DOD investigated the claims and issued a report that there was no adverse impact on the development of the Joint Enterprise Defense Infrastructure solicitation. At least two DOD employees, Deap Ubhi and Anthony DeMartino, worked the JEDI procurement and previously worked for Amazon Web Services before coming to DOD. Ubhi left DOD to return to AWS.

DeMartino says he was only tangentially involved in JEDI’s development. Ubhi said he recused himself when AWS began considering whether to buy a company Ubhi founded. He went to work for AWS after leaving the Pentagon.

In newly-redacted court filings, Oracle raises the stakes on its accusations of conflicts of interest on Ubhi’s part. Oracle is challenging both Ubhi’s and DOD’s contention that he recused himself immediately. Instead, Oracle claims Ubhi continued to work on JEDI and push the single award strategy while negotiating with Amazon for a new job.

Oracle cites emails and Slack chat messages as evidence of how involved he was in advocating for a single-award strategy.

This is one of the reasons Oracle wanted access to the entire Google Drive to be able to look at the dates and timing of documents, emails and other communications involving development of the solicitation.

JEDI's single-award strategy has come under heavy criticism from many in industry as well as on Capitol Hill, but DOD has stuck to the plan. The procurement is now a run-off between Microsoft and Amazon Web Services.

Oracle and IBM also submitted proposals, and Oracle filed its protest before the downselect. IBM is essentially out of the fray. Big Blue could return though, I suppose, if the court does something drastic such as sending DOD back to the drawing board.

In a second filing, Oracle has filed a new motion for judgment which reinforces many of its earlier allegations:

  • The single-award strategy violates the law and procurement regulations.
  • The solicitation is structured to restrict competition.
  • DOD hasn’t adequately resolved conflict of interest allegations.

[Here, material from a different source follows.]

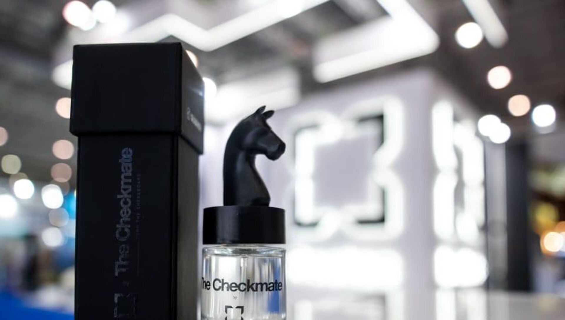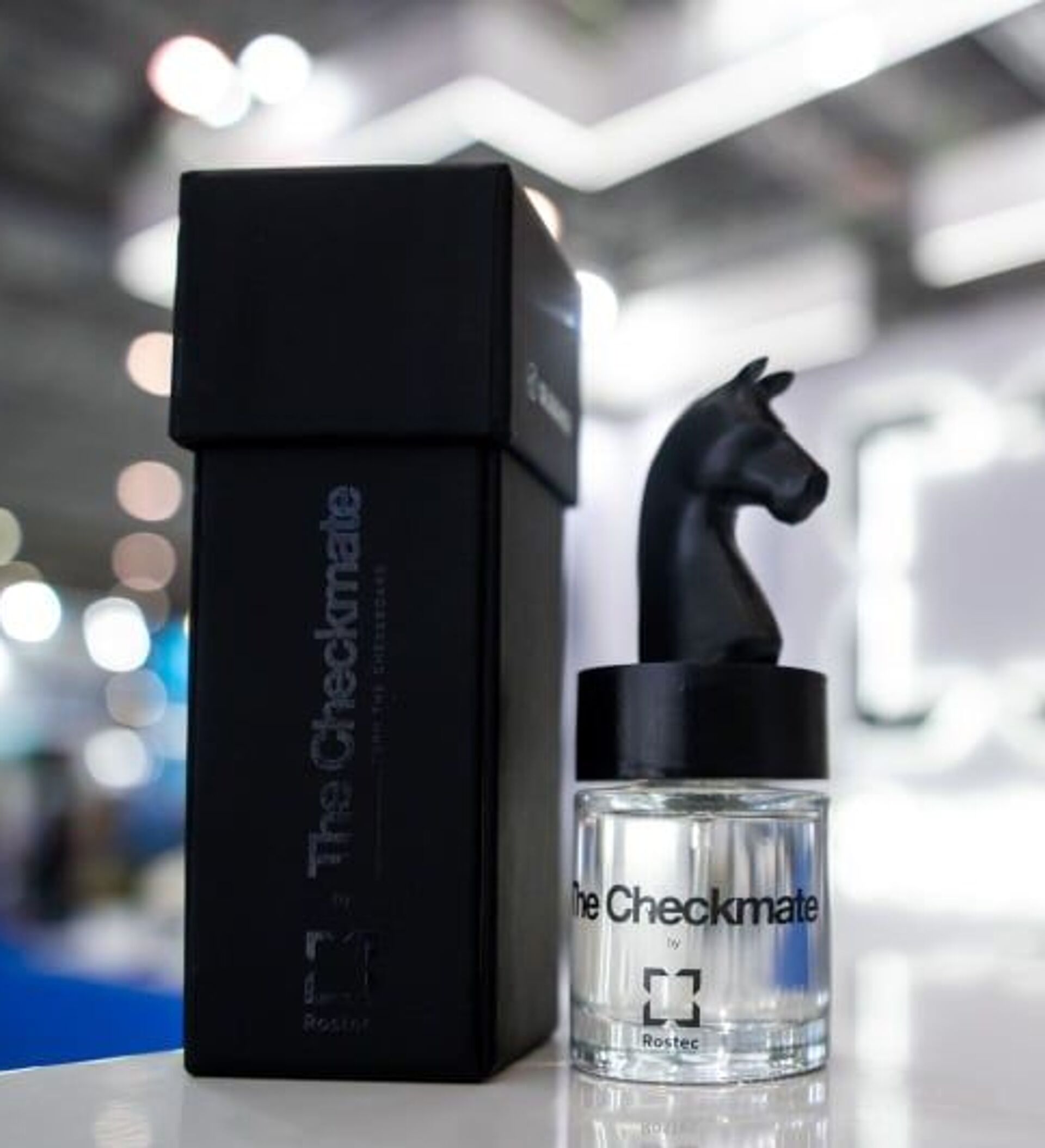 زجاجة العطر مصنوعة على شكل حصان شطرنج أسود وهو أحد رموز المقاتلة.

To those original arguments, Oracle has added that the downselect decision was improper.

Oracle also is asking for a permanent injunction to stop DOD from moving forward with an award.

The Court of Federal Claims hasn’t ruled on the new motion but it has directed DOD to add more information on DeMartino’s involvement, if any, after March 2018. The court also wants more information added to the record on DeMartino’s departure from DOD. He left in July 2018 before the final JEDI solicitation was released.